Among the entries below, only the lines from the one with "В 2025 году" through the one with "11月17日,在位於周寧縣七" are wanted, reproduced exactly. Pictures are not wanted.

Segment Start: Information

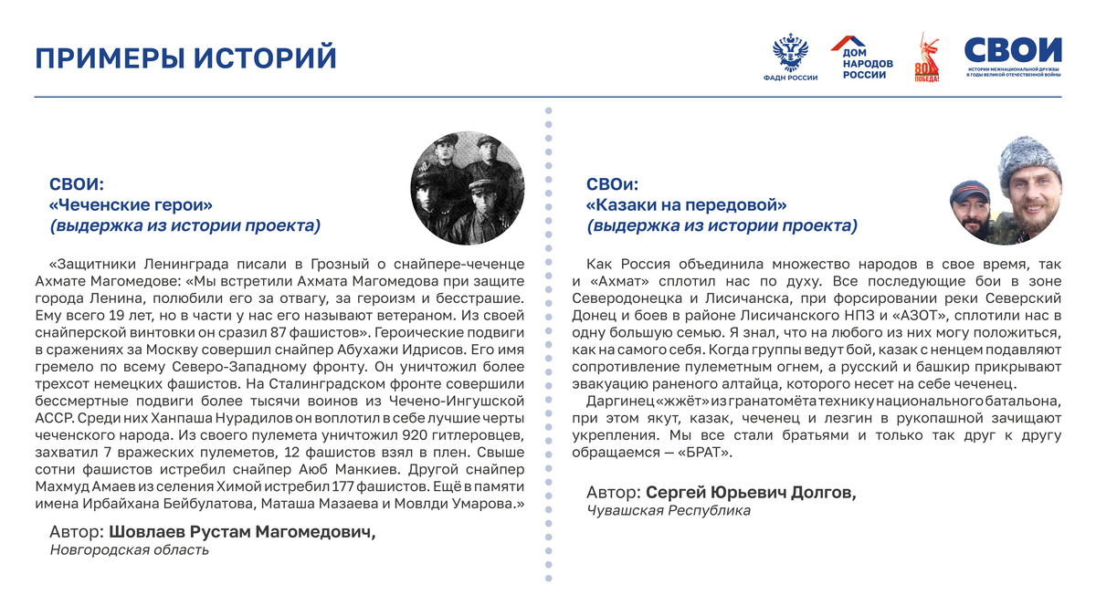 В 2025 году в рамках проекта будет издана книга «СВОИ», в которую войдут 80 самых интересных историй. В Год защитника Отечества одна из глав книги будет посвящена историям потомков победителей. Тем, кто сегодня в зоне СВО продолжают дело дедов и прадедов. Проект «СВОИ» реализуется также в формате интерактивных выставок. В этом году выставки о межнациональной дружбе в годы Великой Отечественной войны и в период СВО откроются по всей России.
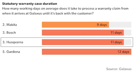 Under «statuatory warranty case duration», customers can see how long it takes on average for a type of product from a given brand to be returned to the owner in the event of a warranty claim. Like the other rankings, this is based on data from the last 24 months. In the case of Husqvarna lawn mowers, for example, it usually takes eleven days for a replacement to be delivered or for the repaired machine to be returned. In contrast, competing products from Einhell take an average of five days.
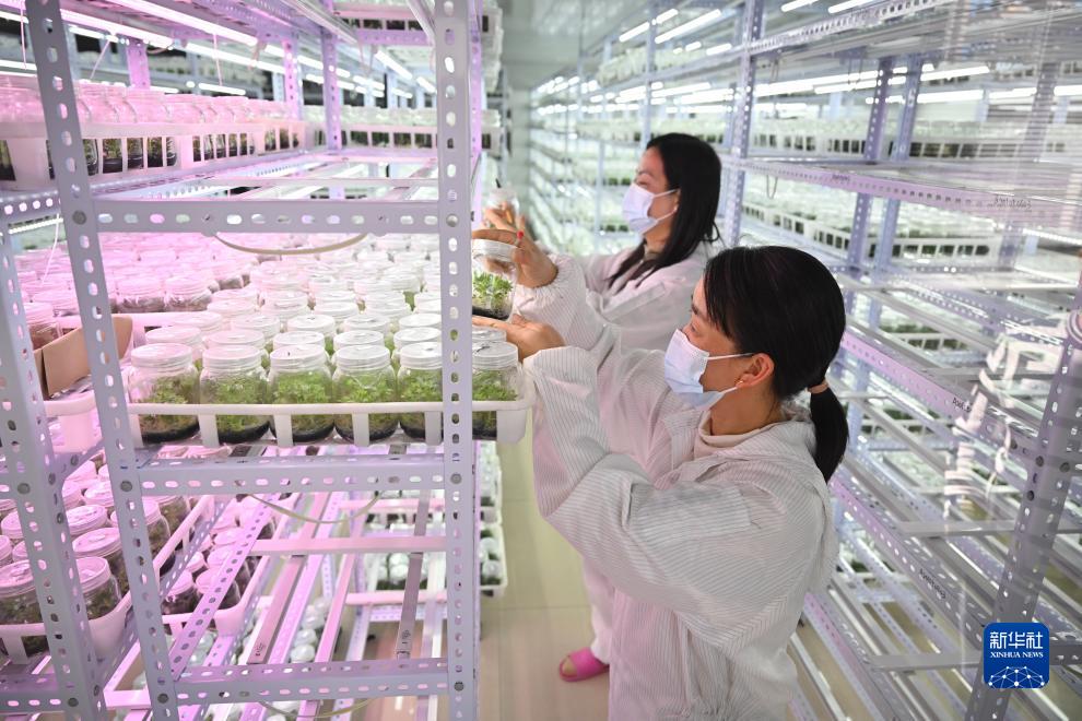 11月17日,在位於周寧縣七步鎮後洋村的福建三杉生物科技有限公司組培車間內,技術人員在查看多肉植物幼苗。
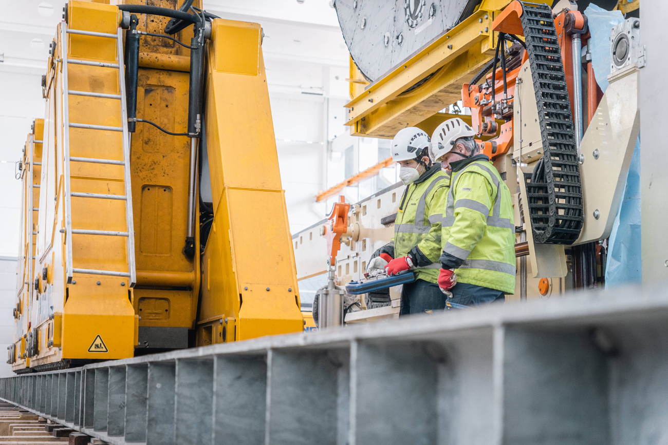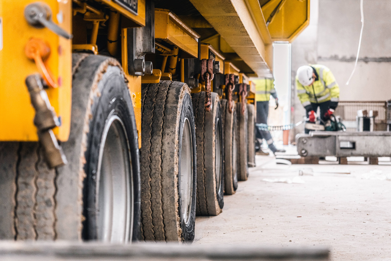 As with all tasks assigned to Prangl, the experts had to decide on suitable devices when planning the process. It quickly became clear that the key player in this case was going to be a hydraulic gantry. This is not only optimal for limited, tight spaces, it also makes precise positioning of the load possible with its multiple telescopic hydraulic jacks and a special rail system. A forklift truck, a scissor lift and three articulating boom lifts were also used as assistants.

Segment End: Information
Segment Start: Information

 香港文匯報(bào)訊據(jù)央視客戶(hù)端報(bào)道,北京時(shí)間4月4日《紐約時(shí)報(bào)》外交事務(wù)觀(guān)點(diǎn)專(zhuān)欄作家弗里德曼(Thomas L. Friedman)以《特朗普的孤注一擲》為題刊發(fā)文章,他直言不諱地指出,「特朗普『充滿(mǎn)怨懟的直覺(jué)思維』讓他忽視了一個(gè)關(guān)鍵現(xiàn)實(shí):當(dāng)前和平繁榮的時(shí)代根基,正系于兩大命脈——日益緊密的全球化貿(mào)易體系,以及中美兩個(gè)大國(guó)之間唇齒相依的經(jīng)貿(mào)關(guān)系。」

Segment End: Information
Segment Start: Information

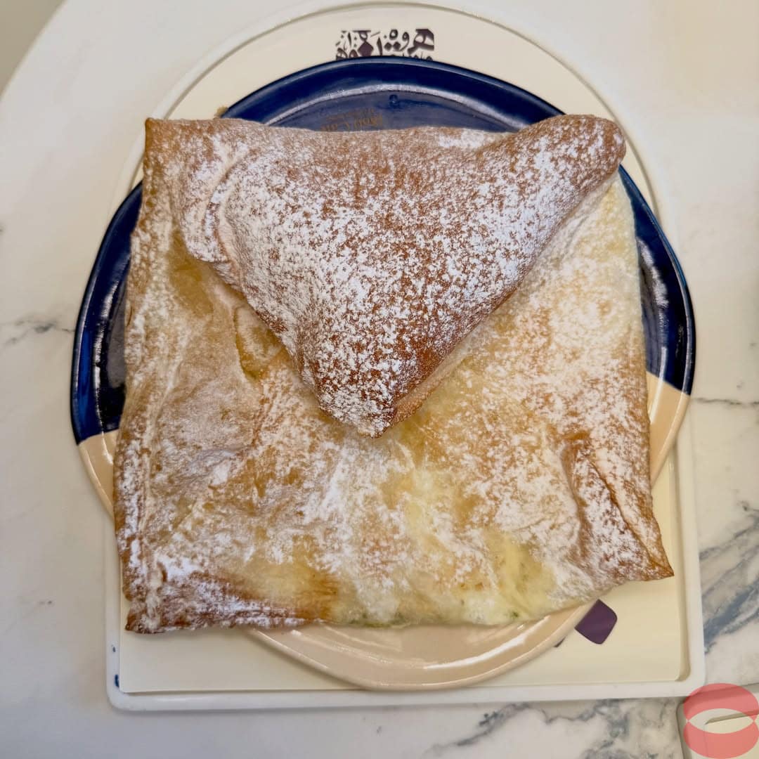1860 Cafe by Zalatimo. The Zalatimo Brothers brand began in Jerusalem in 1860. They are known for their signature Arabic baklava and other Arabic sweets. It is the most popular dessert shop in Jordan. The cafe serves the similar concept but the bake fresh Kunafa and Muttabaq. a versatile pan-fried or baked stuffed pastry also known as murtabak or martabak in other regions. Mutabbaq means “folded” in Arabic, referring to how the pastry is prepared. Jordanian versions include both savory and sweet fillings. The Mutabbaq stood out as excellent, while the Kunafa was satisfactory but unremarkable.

Segment End: Information

Answer box:
 В 2025 году в рамках проекта будет издана книга «СВОИ», в которую войдут 80 самых интересных историй. В Год защитника Отечества одна из глав книги будет посвящена историям потомков победителей. Тем, кто сегодня в зоне СВО продолжают дело дедов и прадедов. Проект «СВОИ» реализуется также в формате интерактивных выставок. В этом году выставки о межнациональной дружбе в годы Великой Отечественной войны и в период СВО откроются по всей России.
 Under «statuatory warranty case duration», customers can see how long it takes on average for a type of product from a given brand to be returned to the owner in the event of a warranty claim. Like the other rankings, this is based on data from the last 24 months. In the case of Husqvarna lawn mowers, for example, it usually takes eleven days for a replacement to be delivered or for the repaired machine to be returned. In contrast, competing products from Einhell take an average of five days.
 11月17日,在位於周寧縣七步鎮後洋村的福建三杉生物科技有限公司組培車間內,技術人員在查看多肉植物幼苗。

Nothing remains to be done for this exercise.